WHAT THE TASK ASKS: Below are entries. Give back exactly the lines from the one containing "Signature jacquard and" through the one containing "消防服ですので、一般的なバッ", inclusive, without the pictures.
━━━━━ TASK MATERIAL ━━━━━
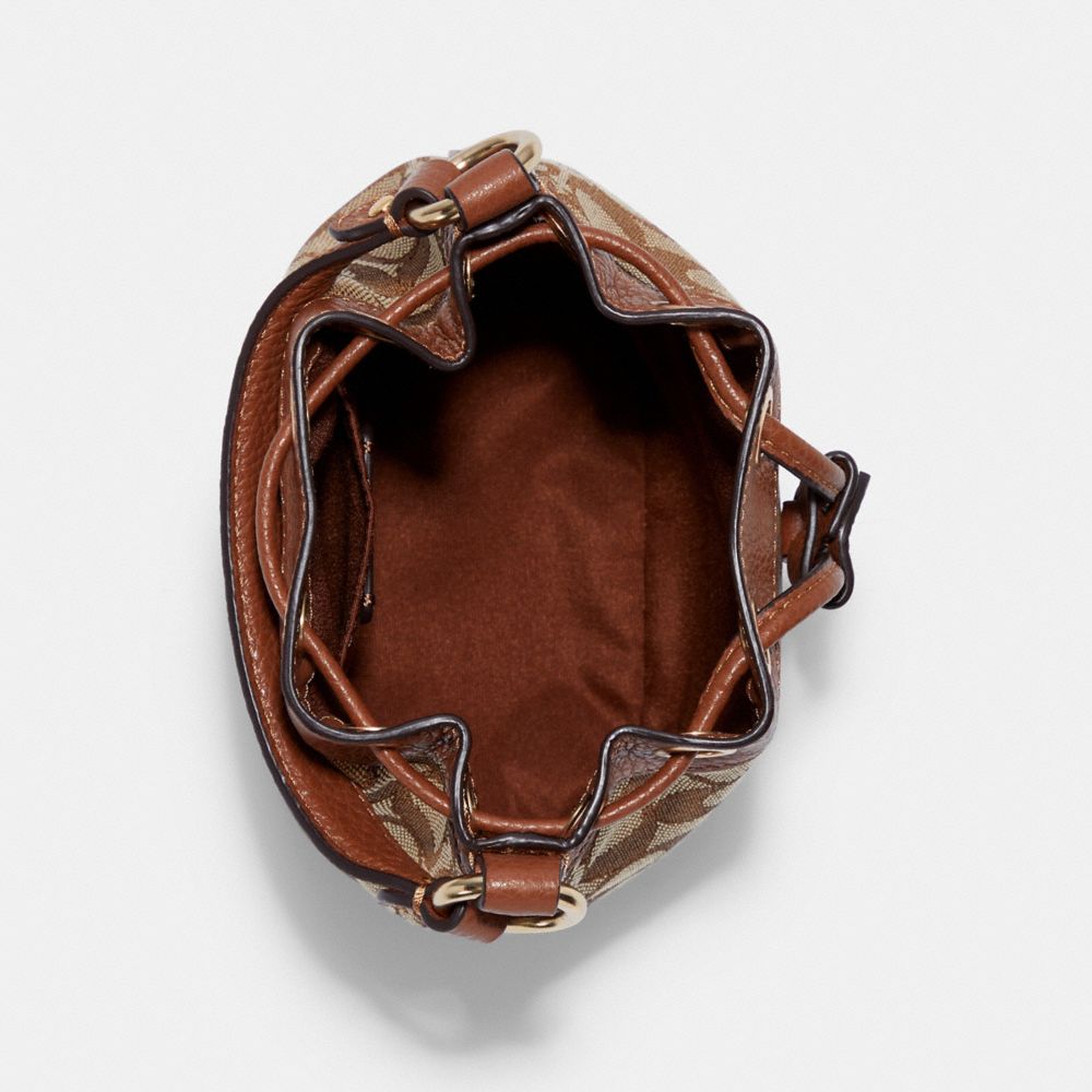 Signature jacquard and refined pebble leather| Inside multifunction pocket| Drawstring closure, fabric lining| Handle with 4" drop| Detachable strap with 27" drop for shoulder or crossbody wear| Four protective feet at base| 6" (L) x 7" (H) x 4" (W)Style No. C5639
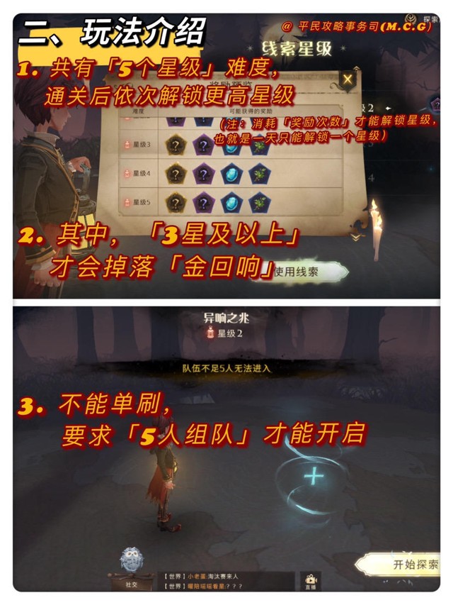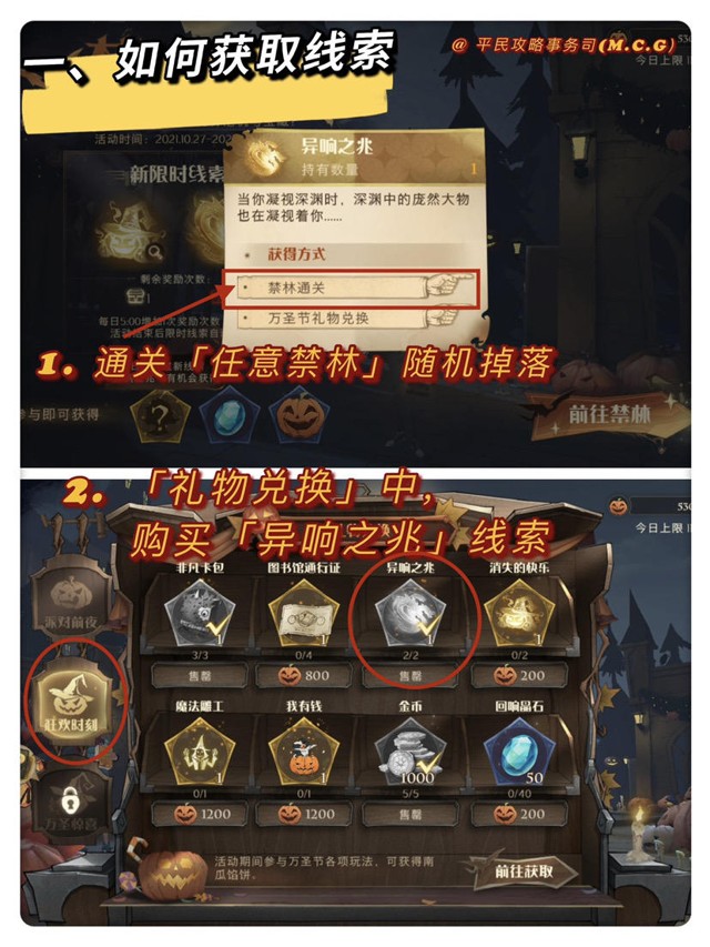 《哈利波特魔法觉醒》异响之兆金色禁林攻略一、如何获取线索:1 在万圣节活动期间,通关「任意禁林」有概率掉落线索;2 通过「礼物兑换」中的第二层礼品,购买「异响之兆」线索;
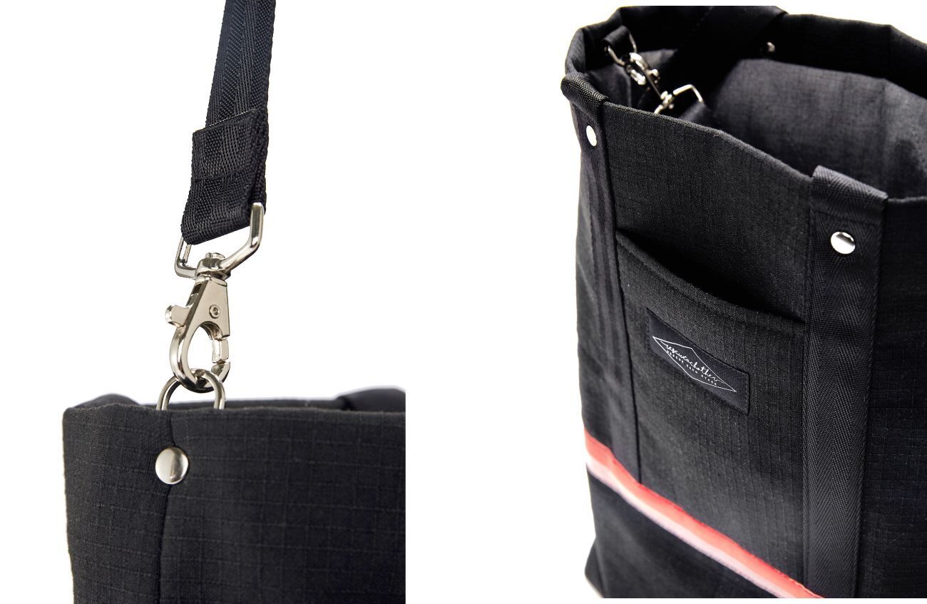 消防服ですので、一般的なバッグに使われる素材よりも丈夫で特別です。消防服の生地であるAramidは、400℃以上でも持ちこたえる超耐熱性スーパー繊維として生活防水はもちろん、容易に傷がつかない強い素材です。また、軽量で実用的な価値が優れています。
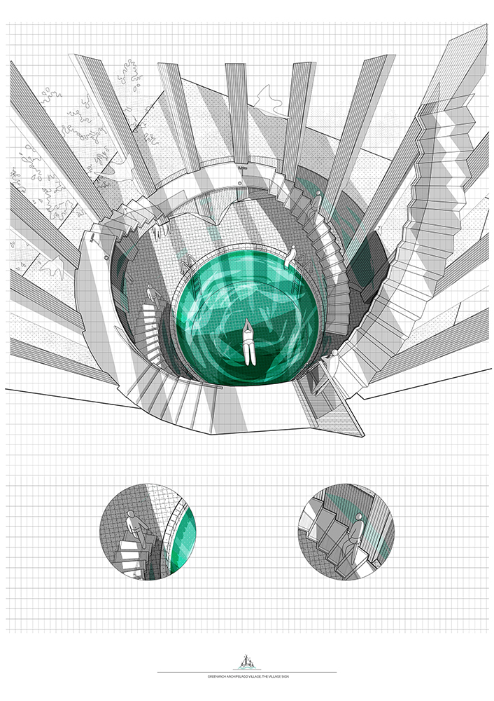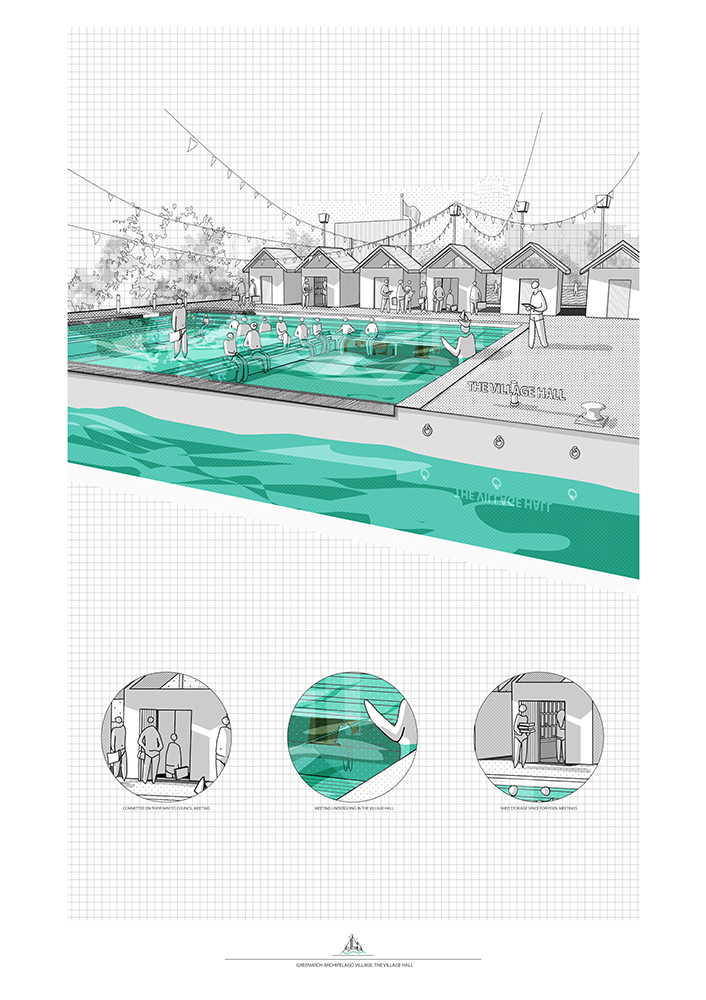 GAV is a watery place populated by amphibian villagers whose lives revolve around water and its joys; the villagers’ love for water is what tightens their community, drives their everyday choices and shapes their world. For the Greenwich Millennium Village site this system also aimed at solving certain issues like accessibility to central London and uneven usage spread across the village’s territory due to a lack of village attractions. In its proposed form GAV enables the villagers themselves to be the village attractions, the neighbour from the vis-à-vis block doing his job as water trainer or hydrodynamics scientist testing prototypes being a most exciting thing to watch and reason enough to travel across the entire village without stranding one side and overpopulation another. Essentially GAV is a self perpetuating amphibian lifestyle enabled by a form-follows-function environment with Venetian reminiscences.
━━━━━
━━━━━ TASK MATERIAL ━━━━━
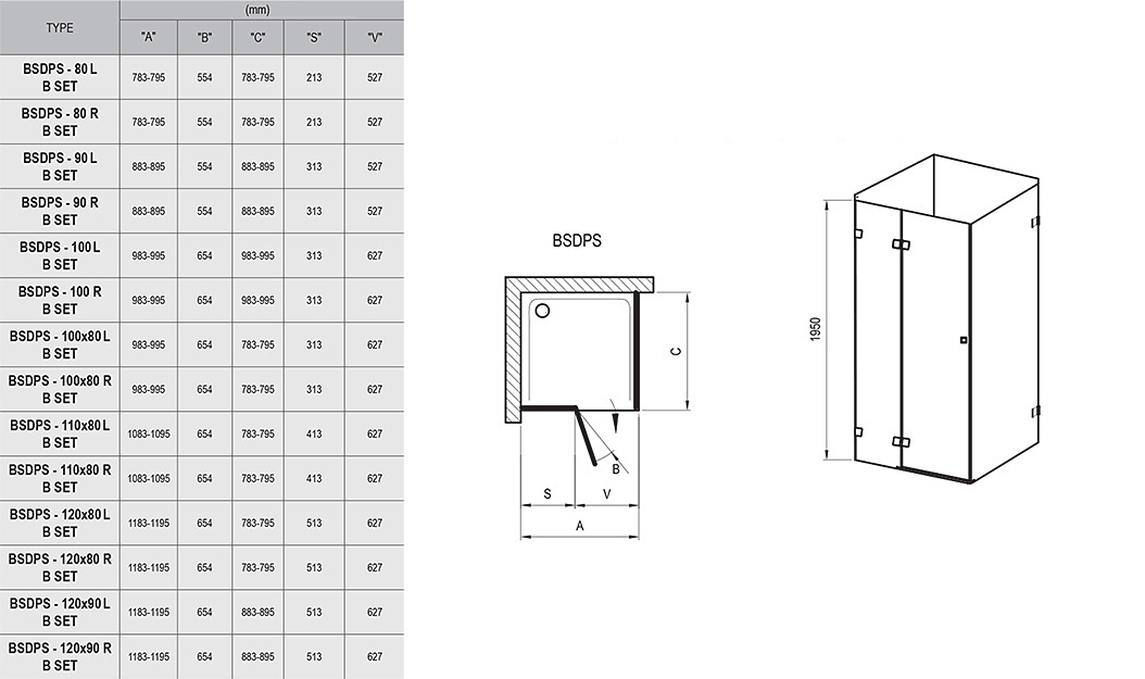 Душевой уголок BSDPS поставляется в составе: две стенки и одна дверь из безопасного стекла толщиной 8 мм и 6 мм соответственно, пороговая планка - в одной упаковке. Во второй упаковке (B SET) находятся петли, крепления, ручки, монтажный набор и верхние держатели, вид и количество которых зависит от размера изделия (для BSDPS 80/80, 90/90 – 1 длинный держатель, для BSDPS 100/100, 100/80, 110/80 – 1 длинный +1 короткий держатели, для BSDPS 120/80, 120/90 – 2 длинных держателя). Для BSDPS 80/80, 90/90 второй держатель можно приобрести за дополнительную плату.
━━━━━
━━━━━ TASK MATERIAL ━━━━━
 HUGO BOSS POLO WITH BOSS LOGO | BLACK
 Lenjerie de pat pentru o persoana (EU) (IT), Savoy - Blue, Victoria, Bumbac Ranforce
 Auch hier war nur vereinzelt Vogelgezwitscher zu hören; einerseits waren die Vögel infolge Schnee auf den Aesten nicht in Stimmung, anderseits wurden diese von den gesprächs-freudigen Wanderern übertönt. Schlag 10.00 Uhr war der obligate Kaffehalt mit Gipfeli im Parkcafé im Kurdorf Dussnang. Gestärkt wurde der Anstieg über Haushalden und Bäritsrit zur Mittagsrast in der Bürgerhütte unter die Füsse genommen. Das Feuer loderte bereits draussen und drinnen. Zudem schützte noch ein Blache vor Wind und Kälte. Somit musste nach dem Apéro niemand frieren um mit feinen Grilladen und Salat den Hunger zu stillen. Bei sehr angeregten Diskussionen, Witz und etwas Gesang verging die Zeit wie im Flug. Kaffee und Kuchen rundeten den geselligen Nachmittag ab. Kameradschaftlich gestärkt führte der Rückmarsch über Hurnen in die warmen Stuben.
━━━━━
REPLY TO THE EXERCISE:
 Signature jacquard and refined pebble leather| Inside multifunction pocket| Drawstring closure, fabric lining| Handle with 4" drop| Detachable strap with 27" drop for shoulder or crossbody wear| Four protective feet at base| 6" (L) x 7" (H) x 4" (W)Style No. C5639
 《哈利波特魔法觉醒》异响之兆金色禁林攻略一、如何获取线索:1 在万圣节活动期间,通关「任意禁林」有概率掉落线索;2 通过「礼物兑换」中的第二层礼品,购买「异响之兆」线索;
 消防服ですので、一般的なバッグに使われる素材よりも丈夫で特別です。消防服の生地であるAramidは、400℃以上でも持ちこたえる超耐熱性スーパー繊維として生活防水はもちろん、容易に傷がつかない強い素材です。また、軽量で実用的な価値が優れています。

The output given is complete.